Species of annelid worm

Phyllodoce lineata is a species of polychaete worm in the family Phyllodocidae. It is native to the northeastern Atlantic Ocean and the Mediterranean Sea where it occurs in the intertidal and shallow sub-tidal zones on soft sediment.

==Description==
This is a colorful, multi-segmented worm of variable length, a worm with 300 segments being about 200 mm long. The prostomium is roughly pentagonal. Like other members of the genus, the prostomium bears two pairs of antennae, a pair of eyes and a pair of large, retractile, nuchal organs. The proboscis is eversible and is divided into two distinct parts. The proximal part of the proboscis bears about 25 longitudinal rows of tiny papillae, and the distal part bears 6 longitudinal rows of larger, knob-like protuberances, and a ring of papillae at the tip. The body is elongated and of even width, apart from a tapering tip. Long tentacle-like cirri are borne on the first 7 body segments, and fleshy paddle-like parapodia are borne on the remainder. The eyes are red and there is some dark pigmentation in front of them and along the sides of the body.

==Distribution==
Phyllodoce lineata occurs in the northeastern Atlantic Ocean, its range including the North Sea, the west coast of Scotland and Ireland, the Bay of Biscay, the Iberian peninsula and the Mediterranean Sea.
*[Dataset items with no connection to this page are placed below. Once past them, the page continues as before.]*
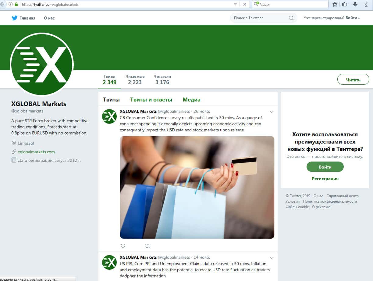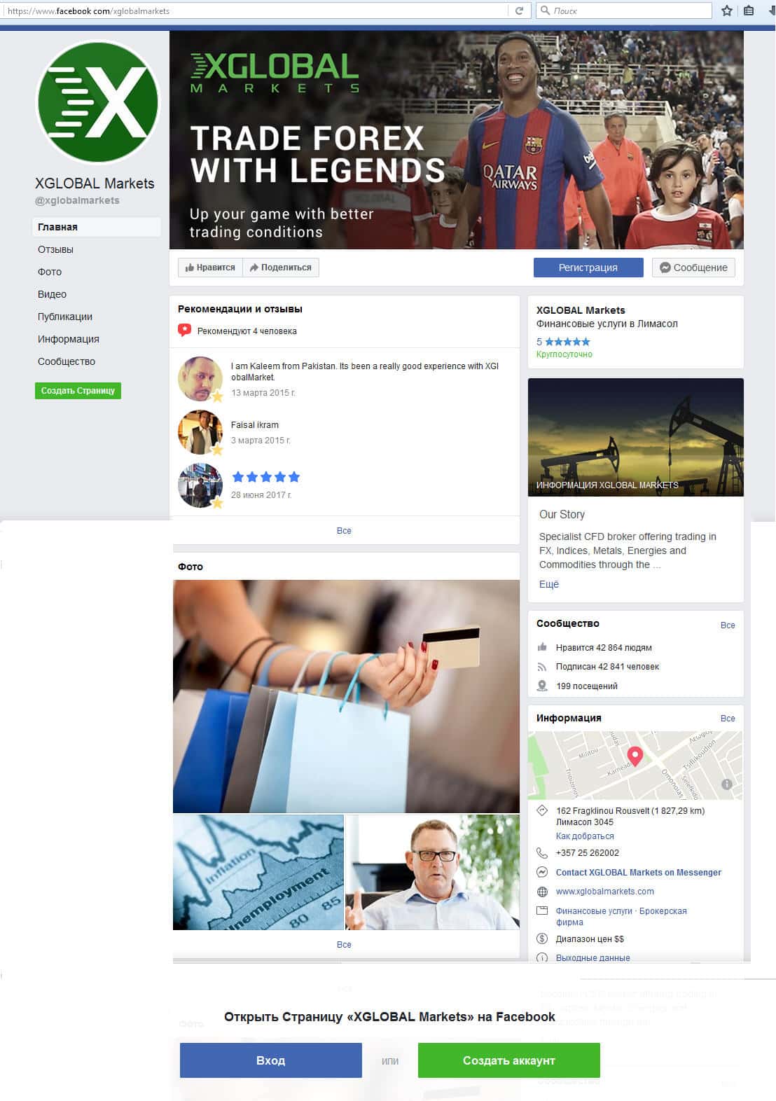 Контора XGLOBAL имеет регистрацию в социальных сетях
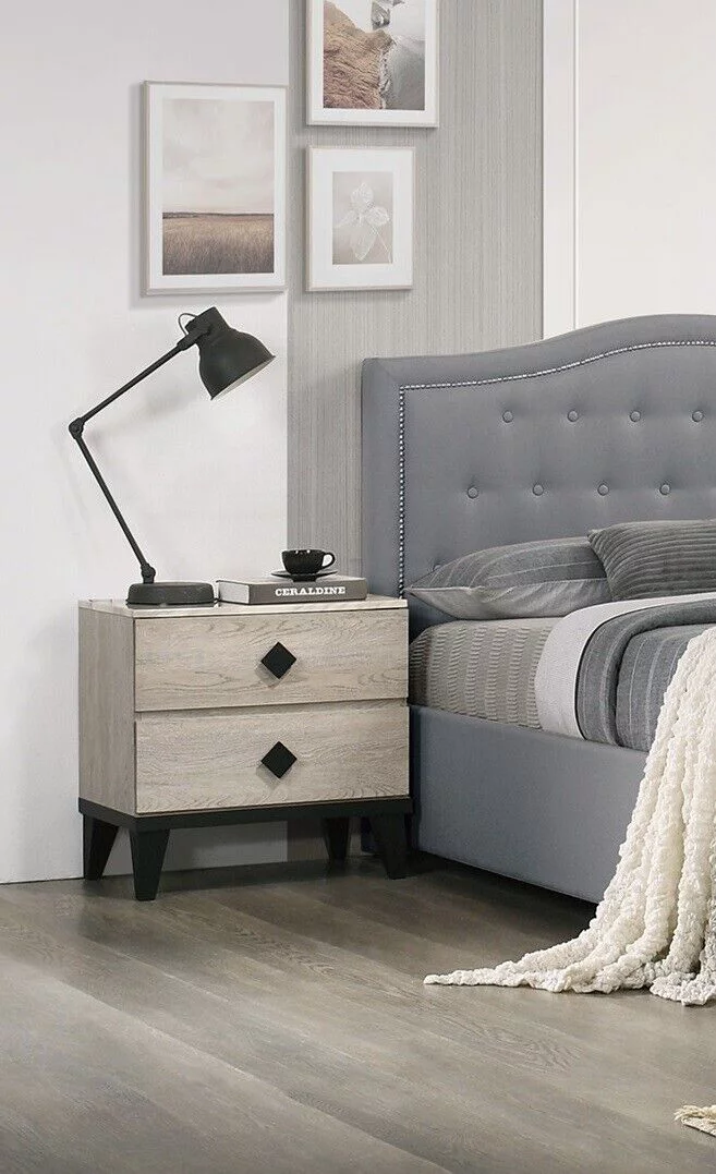 California King Size Bed And 2x Nightstands Gray Finish Transitional Wooden Bedroom Tufted Headboard Bedframe 3pc Furniture Set
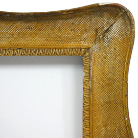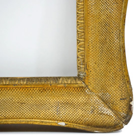 Cornice a guantiera napoletana in legno intagliato e dorato, XIX secolo, ingombro cm 72x61, battente cm 57x44 (difetti)
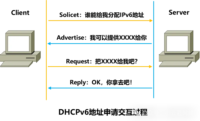 DHCPv6定义了多种报文类型(Msg-type),最重要的地址申请主要由Solicit、Advertise、Request、Reply四种类型的报文交互实现。
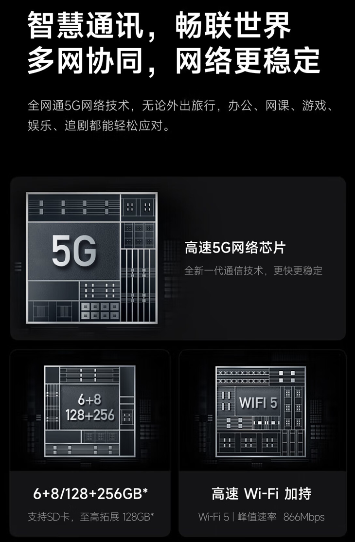 此外,系列平板电脑装备 13MP+8MP 后置摄像头,重?500?克,内置 4 个 8Q 1W 带腔体喇叭, 支撑 SD 卡 扩充(至高拓展 128GB)并装备?7200?毫安时电池 。
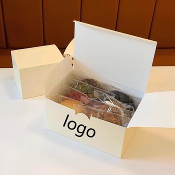 Design personalizado impressão logotipo bio-degradável sobremesa caixa papel cartão branco chocolate donut cookie embalagem caixa
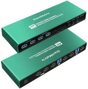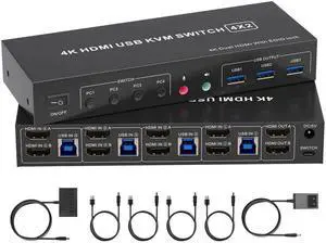 4K HDMI KVM Switch 2 Monitors 4 Computers, Dual Monitor and 2 HDMI USB 3.0 KVM Switches 4K@60Hz,Support Extended/Mirror Mode Share 3 USB 3.0 Ports with Desktop Controller, Adapter Included

It is found in the intertidal and shallow sub-tidal zones on sandy and muddy substrates.

==Ecology==
A predator and scavenger, P. lineata feeds mostly on other polychaete worms. The sexes are separate and fertilisation is external. Eggs typically hatch into trochophore larvae, which are planktonic, and when sufficiently developed, undergo metamorphosis into segmented juveniles.